Действительно, в советском обществе эпохи сталинизма существовала тайная, осуждаемая официальной моралью сексуальность. Внебрачные связи получили широкое и неподконтрольное распространение в годы войны. Это потребовало от власти регламентирующих инициатив. Они были зафиксированы в Указе Президиума Верховного Совета СССР от 8 июля 1944 года, наметившем целый ряд мер, направленных на повышение рождаемости в стране. Но одновременно правомочным признавался лишь зарегистрированный брак, и это понижало социальный статус длительного, но юридически не оформленного совместного проживания мужчины и женщины, а также провоцировало его оценку как некой перверсии. Итак, в советской действительности официально провозглашались принципы целомудрия, которым, по меткому выражению известного российского демографа А.Г. Вишневского, «позавидовала бы и викторианская Англия» (Вишневский 1998: 148).

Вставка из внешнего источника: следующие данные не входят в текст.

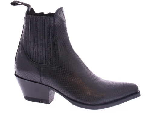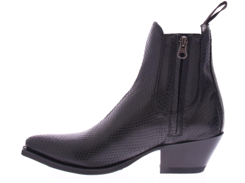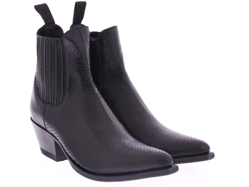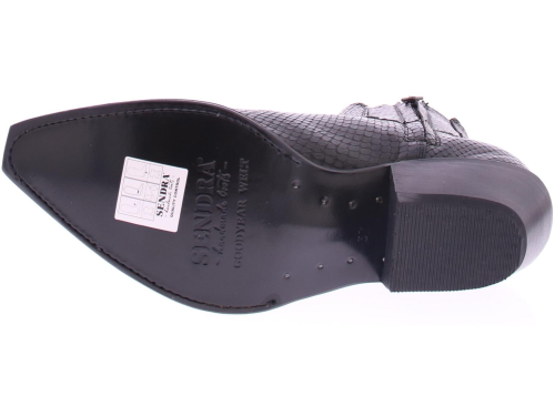 Black leather women's boot with snake print by Sendra. This short boot has a zipper and elastic insert for easy on and off. The slanted heel has a height of 4 cm, and the sole is made of leather.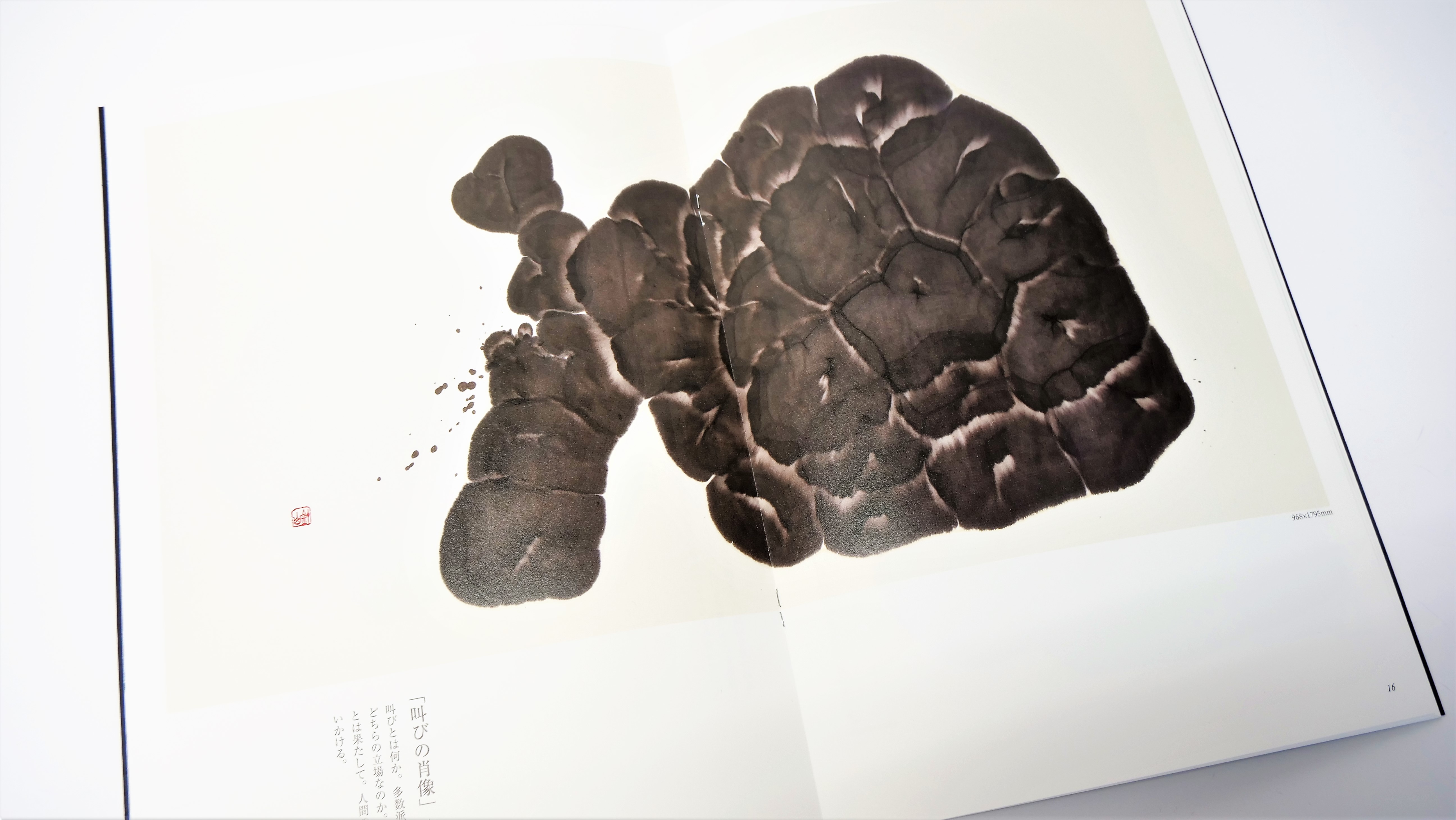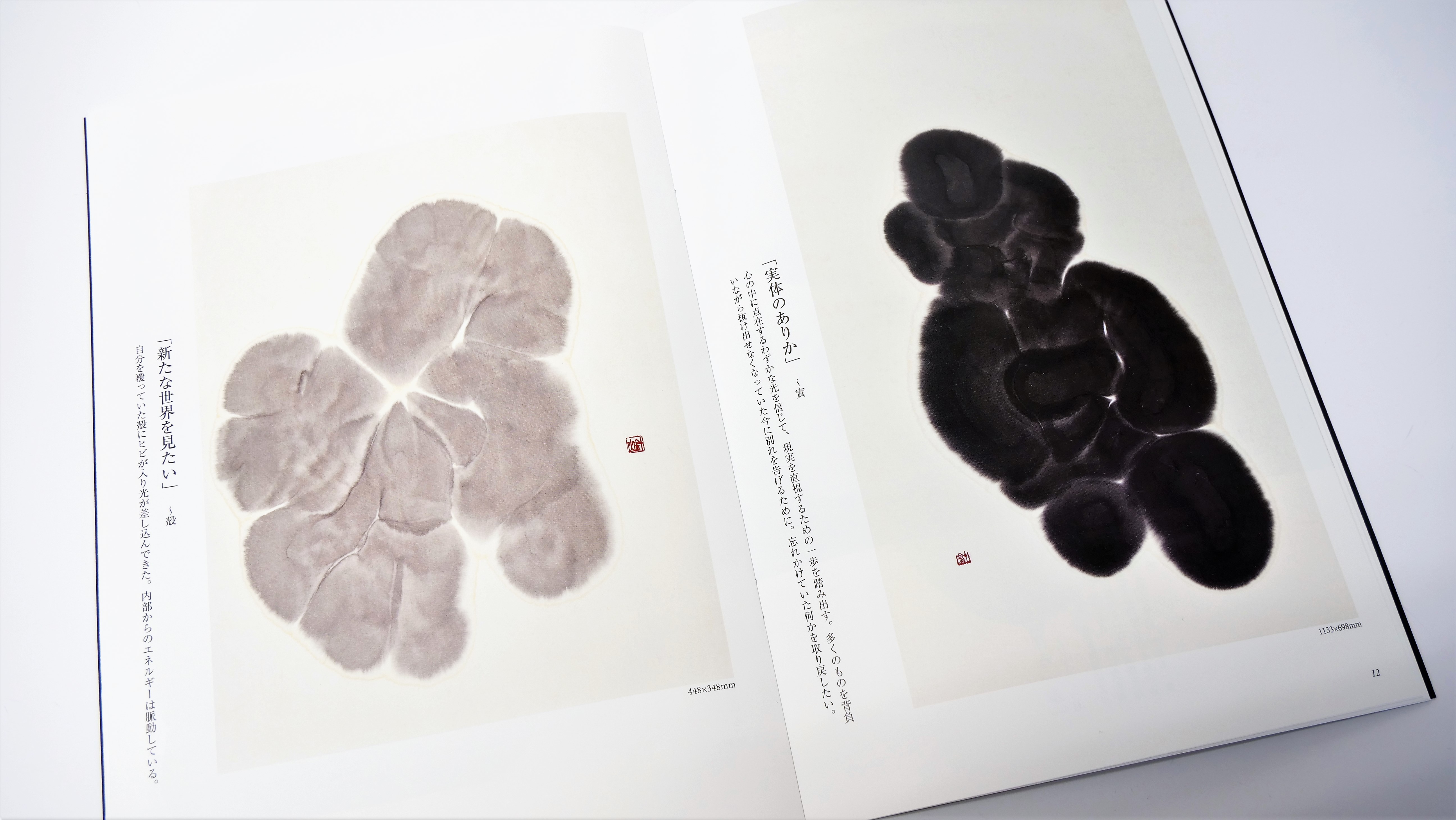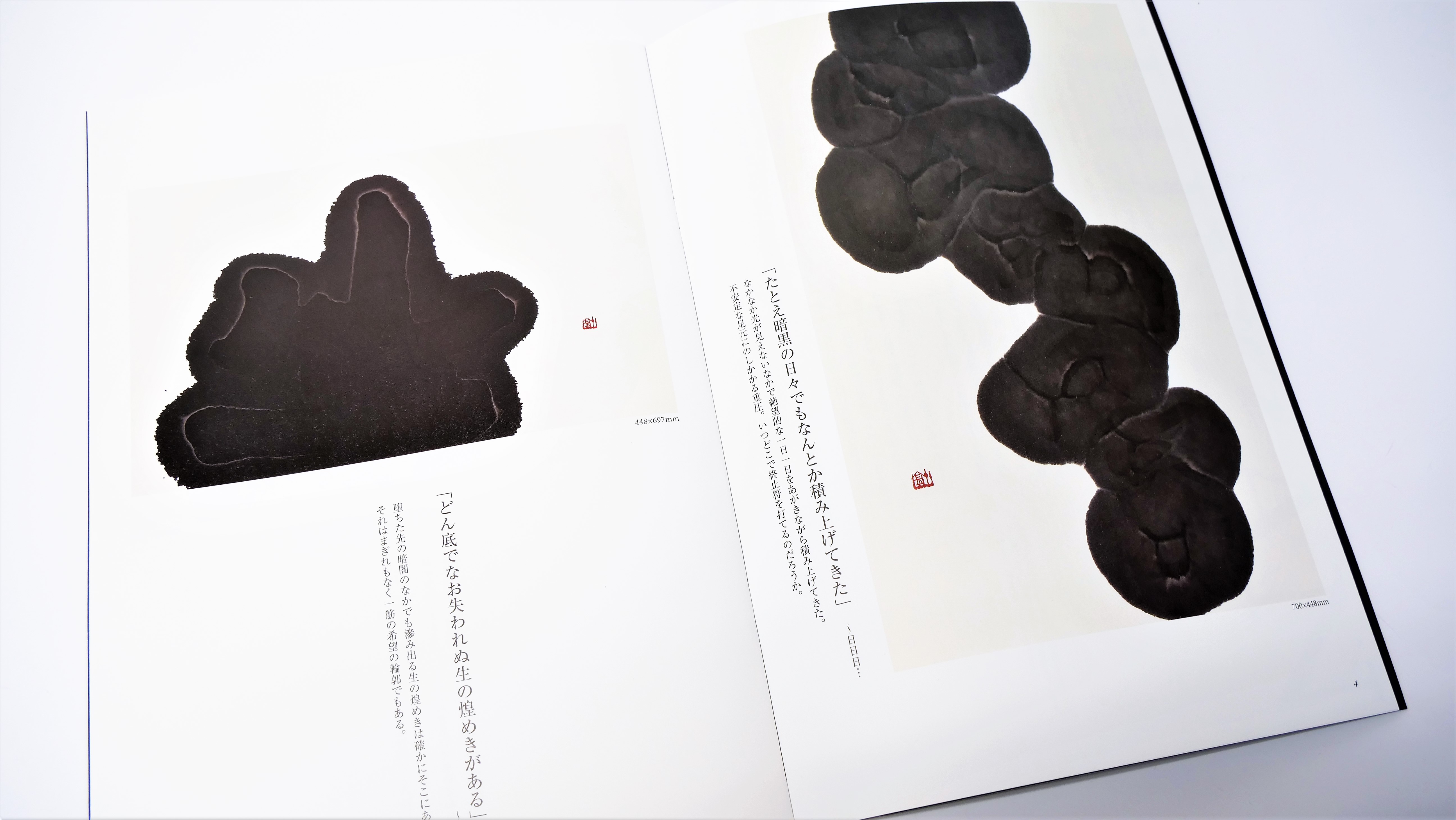 墨の滲みの表現や実際の作品のスケール感を再現できるように、濃度を調整することで濃淡を出して製版させていただきました。特に”モコモコボーダー”による書の白い部分は重要なポイントでしたので、印刷で潰れないように細心の注意を払いました。

Немаловажную роль в формировании модели сексуального поведения в 1930–1940-х годах, и в первую очередь это касается жителей крупных городов, сыграла советская социальная политика в сфере образования, а именно введение раздельного обучения девочек и мальчиков в средней школе. Половая сегрегация детей, являвшаяся отражением традиционалистской реакции в сфере гендерной политики, выглядела вполне органичной в системе нравственных координат сталинизма и носила выраженный имперско-тоталитарный характер. Идея разделения школ на мужские и женские обсуждалась на правительственном уровне накануне Великой Отечественной войны. Однако регламентирующие документы появились лишь в конце 1942 года. В докладной записке «О введении раздельного обучения мальчиков и девочек в неполных средних и средних школах Союза ССР», подготовленной Отделом школ ЦК ВКП(б) и Народным комиссариатом просвещения РСФСР, четко расписывались детали предлагаемой половой сегрегации советских школьников. Мужские и женские школы должны были находиться в разных помещениях, а также возникала специфика преподавания в коллективах мальчиков и девочек. Но особое внимание обращалось на необходимость устранения «не всегда здоровых взаимоотношений, создающихся между мальчиками и девочками при совместном обучении» (Пыжиков 2004: 78). В официальном научном дискурсе существует мнение о том, что авторы записки имели «в виду психологические особенности поведения разнополых детей и подростков, находившихся в рамках единых коллективов» (там же). Однако очевидное стремление властей к деэротизации жизни советских граждан позволяет предположить, что в пространстве умолчания приведенного документа явно находились сексуальные отношения в юношеской среде.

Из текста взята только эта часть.